Cancer survivors at higher health complication risk: MIO director

MIO director


In the past three months the world has been going through severe apprehension due to the pandemic of coronavirus (2019-nCoV) or the severe acute respiratory syndrome coronavirus 2 (SARS-CoV-2). The virus that emerged during November end last year at Wuhan City of Hubei province of China has now spread to the rest of the world. As on April 6 in India, 4,067 cases were detected, of which 110 succumbed to the infection.

Coronavirus induced disease is transmitted by inhalation or contact with infected droplets and the incubation period (time from inhalation to symptoms of illness) ranges from 2 to 14 days. The clinical features of COVID-19 are varied, ranging from an asymptomatic state to acute respiratory distress syndrome and multi-organ dysfunction. The common clinical features include fever (not in all), cough, sore throat, headache, fatigue, myalgia and breathlessness. Conjunctivitis has also been described. Thus, they are indistinguishable from other respiratory infections like the common flue. The only way corona can be distinguished from flu and other seasonal respiratory ailments is by the use of viral-specific sophisticated tests (RT-PCR or antigen-based) from the swabs/washings collected from the nasopharyngeal and/or throat region of the suspected individuals.

What makes corona dangerous is that in a subset of patients, by the end of the first week the disease can progress to pneumonia, respiratory failure and death. This progression is associated with extreme inflammation especially in the lungs. The median time from onset of symptoms to shortness of breath was about 5 days, hospitalization 7 days and acute respiratory distress syndrome (ARDS) 8 days. The need for intensive care admission was in 25–30% of the affected patients. Complications witnessed included acute lung injury, ARDS, shock and acute kidney injury. Recovery starts in the second or third week. The median duration of hospital stay in those who recovered was 10 days. Adverse outcomes and death are more common in the elderly and those with underlying co-morbidities like asthma, diabetes, hypertension, kidney ailments, HIV, tuberculosis and cancer (50–75% of fatal cases). The fatality rate in hospitalized adult patients ranges from 4 to 11%.

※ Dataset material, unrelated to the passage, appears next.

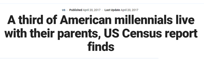 ▲美媒报道指出,在18-34岁的美国年轻人中,有1/3和父母住在一起,需要父母经济资助(via Fox News)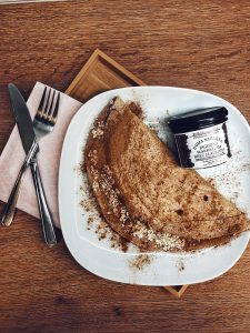 ▪️ Ko je spodnji del palačinke dovolj pečen jo nežno prepognimo.

Coronavirus and its impact on patients with cancer

Cancer, a group of diseases involving abnormal cell growth with the potential to invade or spread to other parts of the body is today the world’s second-most killer disease. When compared to a healthy individual cancer itself may weaken the immune system and are immune-compromised’. The primary role of the immune system is to help fight infection. From a terminological perspective ‘immune-compromised’ refers to individuals whose immune system is considered weaker, more impaired, or less robust than that of the average healthy adult. Further, chemotherapy and radiation used to control cancer can severely debilitate the immune system. Individuals with compromised immune systems are at a higher risk of getting infections, including viral infections such as COVID-19.

Patients with cancer may be at a greater risk of being immune-compromised depending on the type of cancer they have, the type of treatment they receive, other health conditions, and their age. The risk of being immune-compromised is the highest during the time of active treatment for cancer, such as during treatment with chemotherapy. There is no specific test to determine if a person is immune-compromised, although findings such as low white blood cell counts or low levels of antibodies (also called immunoglobulins) in the blood are likely to indicate an immune-compromised state. Coronavirus affects people with a very severely debilitated immune system and it is in this context that care needs to be taken by patients undergoing treatment for cancer and also the survivors who have completed their treatment.